### [Problem]
Word for word, write the lines below out again, with no pictures.

### [Recorded information]
—————

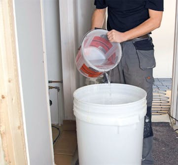 Valmista tasoite suurissa erissä. Tässä sekoitetaan 75 kg kerrallaan. Toinen astia on täytetty vedellä, joten tasoite on pian sekoitettu valmiiksi. Suurissa erissä massasta saadaan tasaisen yhtenäistä ja hyvin itsestään levittyvää.
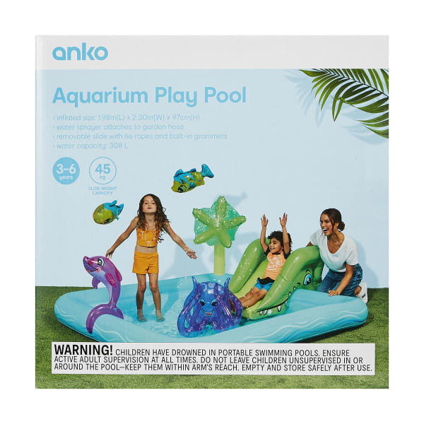 Add a splash of aquatic-themed fun to your little one's backyard pool time with this inflatable aquarium play pool.
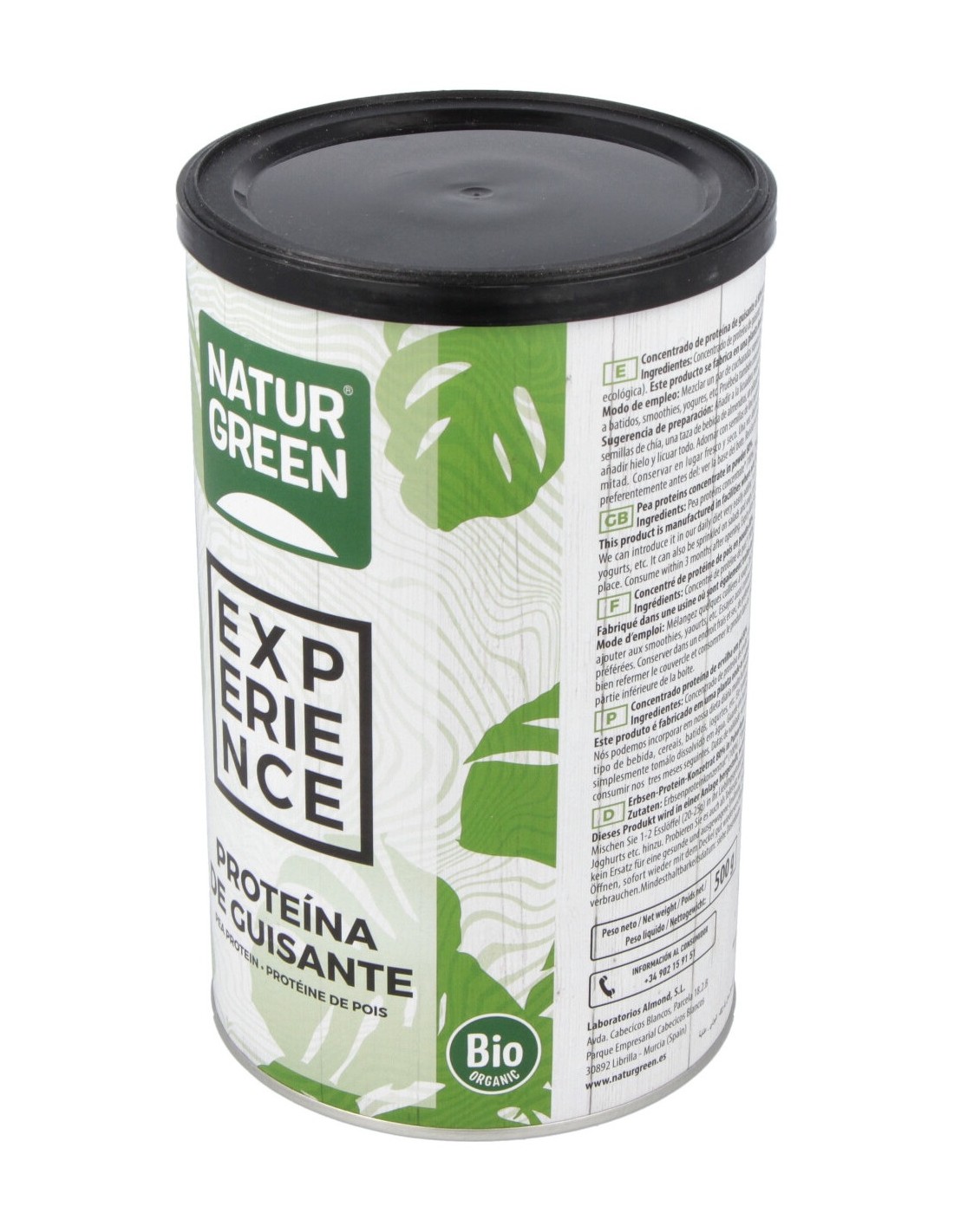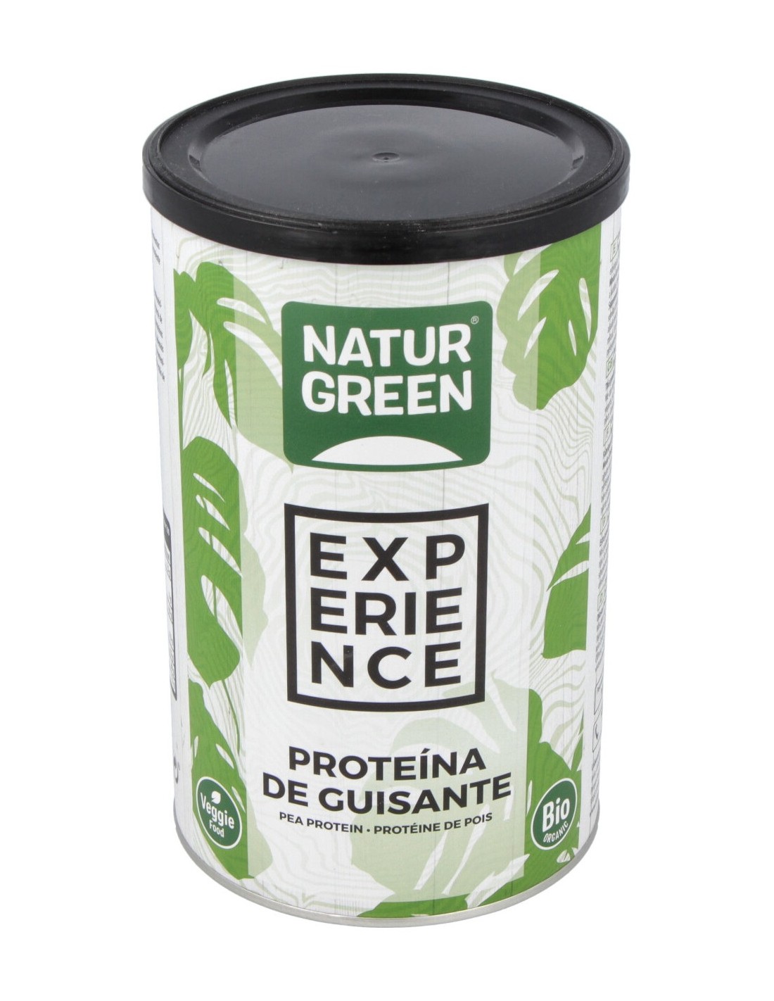 Suplemento dietético de proteína de guisante en polvo. Es un producto bio diseñado por Naturgeen, el cual no contiene huevo, lactosa, gluten, azúcar natural o añadida ni proteína láctea. Contiene un alto contenido de fibra alimentaria, grasas (saturadas y no saturadas) hidratos de carbono, proteínas y sal. Beneficia la salud y el bienestar. Así como a las dietas veganas, las cuales, regularmente, tienen poca cantidad de proteínas. Tiene un sabor suave y color claro, lo cual le permite adaptarse a una gran variedad de batidos y recetas. Se aconseja añadirla a las comidas preferidas para agregarle más nutrientes. No se recomienda en caso de alergia a frutos secos, soja y sésamo, ya que la fábrica que produce este producto trabaja con estos alimentos. Se recomienda almacenar en un ambiente seco y fresco, libre de la humedad o la luz solar.

—————

### [Solved problem]
 Valmista tasoite suurissa erissä. Tässä sekoitetaan 75 kg kerrallaan. Toinen astia on täytetty vedellä, joten tasoite on pian sekoitettu valmiiksi. Suurissa erissä massasta saadaan tasaisen yhtenäistä ja hyvin itsestään levittyvää.
 Add a splash of aquatic-themed fun to your little one's backyard pool time with this inflatable aquarium play pool.
 Suplemento dietético de proteína de guisante en polvo. Es un producto bio diseñado por Naturgeen, el cual no contiene huevo, lactosa, gluten, azúcar natural o añadida ni proteína láctea. Contiene un alto contenido de fibra alimentaria, grasas (saturadas y no saturadas) hidratos de carbono, proteínas y sal. Beneficia la salud y el bienestar. Así como a las dietas veganas, las cuales, regularmente, tienen poca cantidad de proteínas. Tiene un sabor suave y color claro, lo cual le permite adaptarse a una gran variedad de batidos y recetas. Se aconseja añadirla a las comidas preferidas para agregarle más nutrientes. No se recomienda en caso de alergia a frutos secos, soja y sésamo, ya que la fábrica que produce este producto trabaja con estos alimentos. Se recomienda almacenar en un ambiente seco y fresco, libre de la humedad o la luz solar.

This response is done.